▸ **Given records**
• • • • • • •
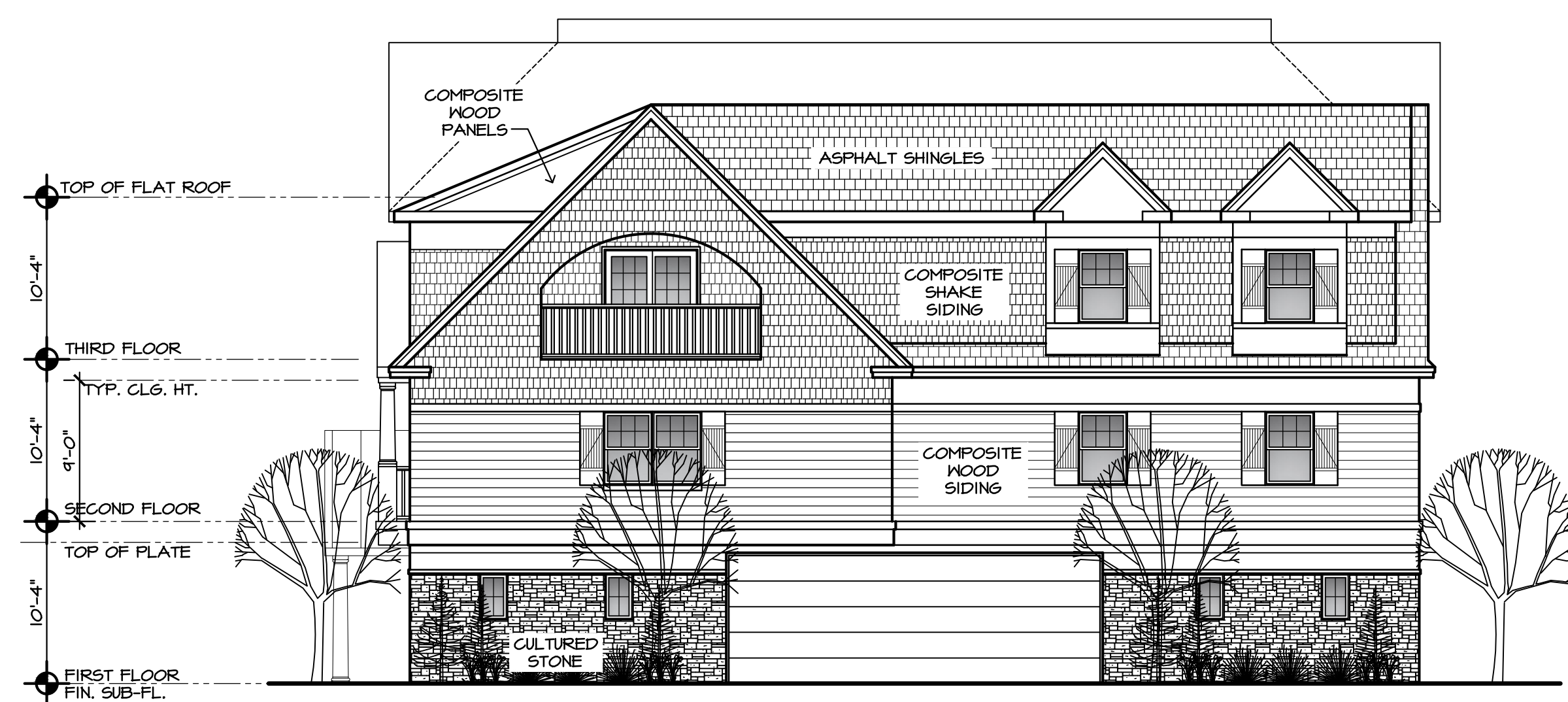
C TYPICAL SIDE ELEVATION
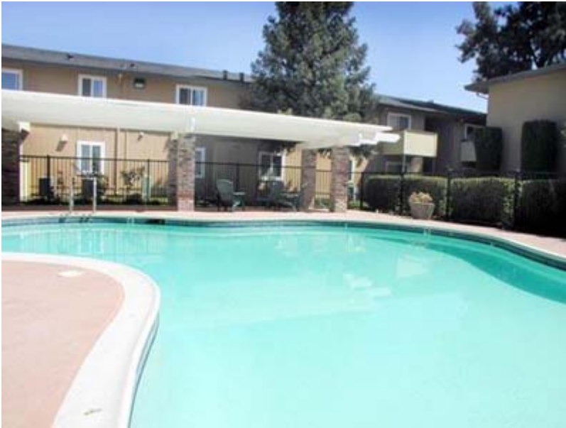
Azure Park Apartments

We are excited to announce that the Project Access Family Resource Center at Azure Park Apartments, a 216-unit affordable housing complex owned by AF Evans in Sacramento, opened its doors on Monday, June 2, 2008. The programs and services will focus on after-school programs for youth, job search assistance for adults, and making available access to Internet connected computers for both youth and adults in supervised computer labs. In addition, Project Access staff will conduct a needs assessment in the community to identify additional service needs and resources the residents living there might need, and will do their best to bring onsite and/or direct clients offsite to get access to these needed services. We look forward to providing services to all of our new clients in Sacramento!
• • • • • • •
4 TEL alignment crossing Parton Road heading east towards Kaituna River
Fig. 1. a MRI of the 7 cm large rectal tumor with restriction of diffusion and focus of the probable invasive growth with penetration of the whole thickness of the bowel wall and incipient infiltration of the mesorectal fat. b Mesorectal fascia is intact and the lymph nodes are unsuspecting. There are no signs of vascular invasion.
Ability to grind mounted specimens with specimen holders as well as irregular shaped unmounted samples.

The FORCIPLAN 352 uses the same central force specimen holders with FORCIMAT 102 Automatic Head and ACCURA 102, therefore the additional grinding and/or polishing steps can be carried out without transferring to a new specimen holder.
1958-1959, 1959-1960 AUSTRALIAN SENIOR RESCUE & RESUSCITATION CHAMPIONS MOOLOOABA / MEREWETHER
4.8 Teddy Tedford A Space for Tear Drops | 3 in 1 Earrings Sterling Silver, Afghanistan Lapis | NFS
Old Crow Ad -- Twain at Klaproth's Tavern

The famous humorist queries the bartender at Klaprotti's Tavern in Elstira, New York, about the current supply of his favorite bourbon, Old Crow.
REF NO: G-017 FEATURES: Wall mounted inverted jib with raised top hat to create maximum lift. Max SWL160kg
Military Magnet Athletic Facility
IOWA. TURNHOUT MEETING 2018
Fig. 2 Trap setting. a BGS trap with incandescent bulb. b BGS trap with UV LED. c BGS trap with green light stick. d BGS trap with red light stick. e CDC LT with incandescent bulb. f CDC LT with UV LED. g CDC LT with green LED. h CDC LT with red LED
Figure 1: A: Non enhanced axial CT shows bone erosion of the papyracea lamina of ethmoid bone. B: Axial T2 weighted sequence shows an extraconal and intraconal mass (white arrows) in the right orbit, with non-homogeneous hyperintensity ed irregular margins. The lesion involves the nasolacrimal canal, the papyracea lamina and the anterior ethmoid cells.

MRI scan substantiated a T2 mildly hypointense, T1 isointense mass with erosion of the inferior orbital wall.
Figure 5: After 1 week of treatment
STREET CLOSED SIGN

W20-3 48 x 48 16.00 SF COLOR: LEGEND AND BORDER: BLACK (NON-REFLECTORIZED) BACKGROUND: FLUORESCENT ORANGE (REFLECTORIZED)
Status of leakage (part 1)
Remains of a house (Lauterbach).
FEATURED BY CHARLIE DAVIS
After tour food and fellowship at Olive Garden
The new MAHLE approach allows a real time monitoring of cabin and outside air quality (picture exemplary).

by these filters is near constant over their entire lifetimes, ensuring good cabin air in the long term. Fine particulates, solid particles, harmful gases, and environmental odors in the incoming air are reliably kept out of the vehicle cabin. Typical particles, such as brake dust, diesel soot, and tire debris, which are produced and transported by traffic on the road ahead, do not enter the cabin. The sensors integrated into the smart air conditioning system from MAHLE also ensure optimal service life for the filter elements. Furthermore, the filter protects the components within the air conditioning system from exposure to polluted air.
• • • • • • •
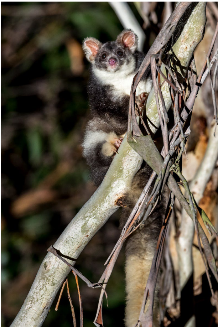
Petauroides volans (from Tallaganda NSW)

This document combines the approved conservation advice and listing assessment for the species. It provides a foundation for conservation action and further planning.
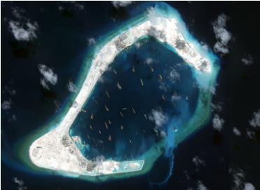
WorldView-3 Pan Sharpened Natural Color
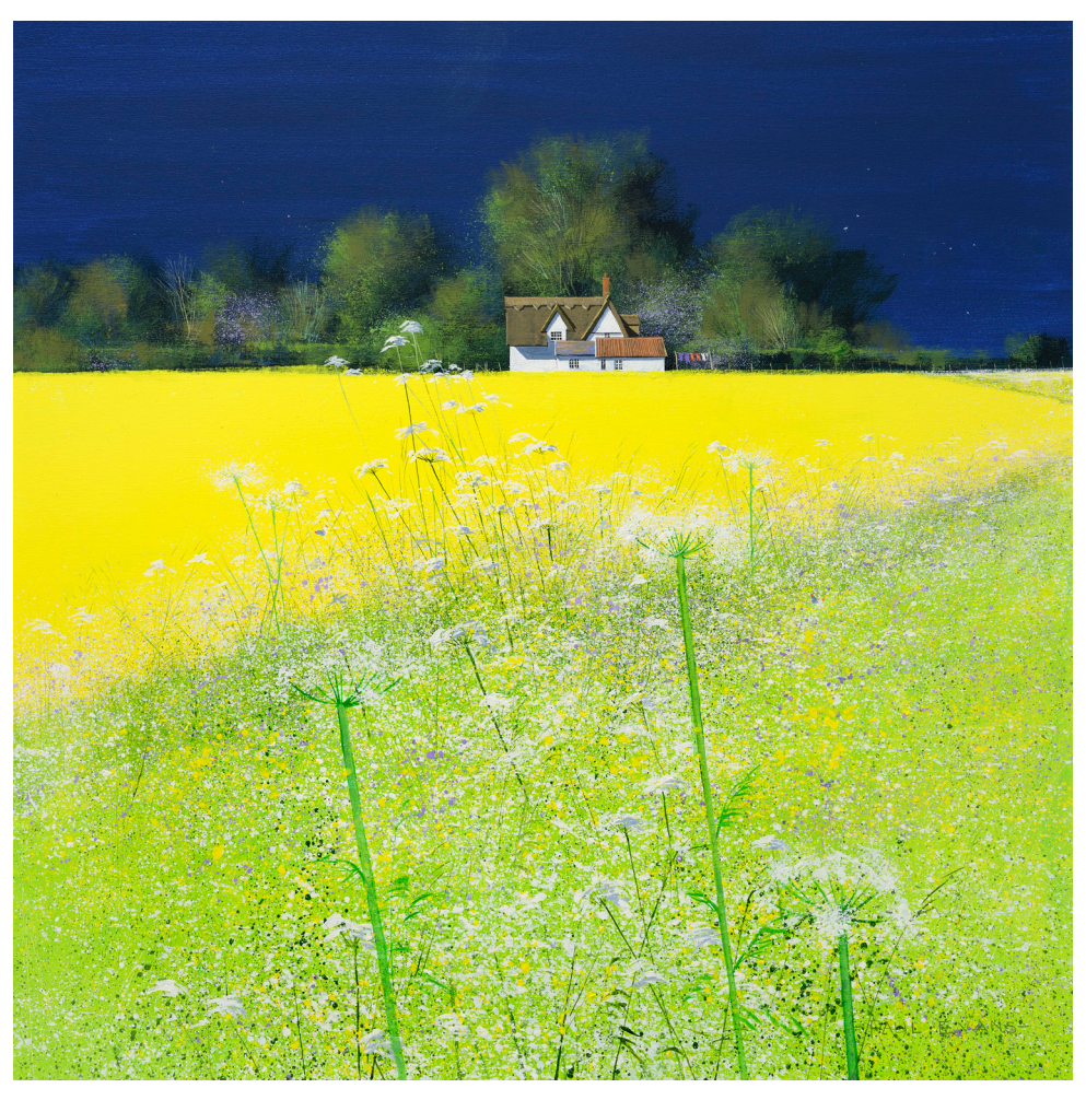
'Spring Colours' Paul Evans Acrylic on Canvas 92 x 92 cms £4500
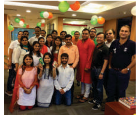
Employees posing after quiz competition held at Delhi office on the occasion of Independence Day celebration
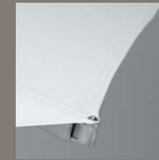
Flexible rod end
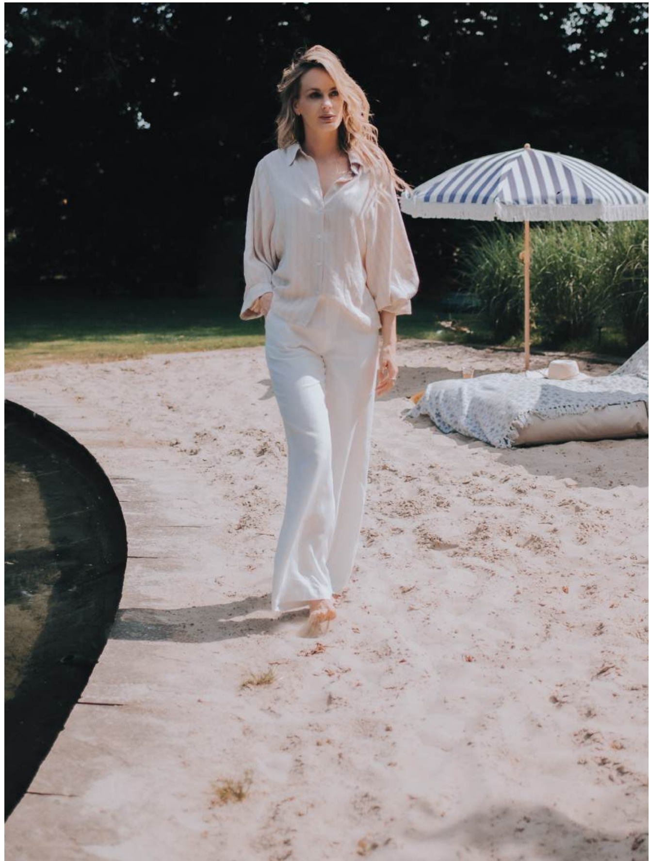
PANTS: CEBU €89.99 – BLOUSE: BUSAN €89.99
• • • • • • •
▸ **What is expected**
Please return all lines from the records that hold the word "cabin".

▸ **Answer section**
The new MAHLE approach allows a real time monitoring of cabin and outside air quality (picture exemplary).
by these filters is near constant over their entire lifetimes, ensuring good cabin air in the long term. Fine particulates, solid particles, harmful gases, and environmental odors in the incoming air are reliably kept out of the vehicle cabin. Typical particles, such as brake dust, diesel soot, and tire debris, which are produced and transported by traffic on the road ahead, do not enter the cabin. The sensors integrated into the smart air conditioning system from MAHLE also ensure optimal service life for the filter elements. Furthermore, the filter protects the components within the air conditioning system from exposure to polluted air.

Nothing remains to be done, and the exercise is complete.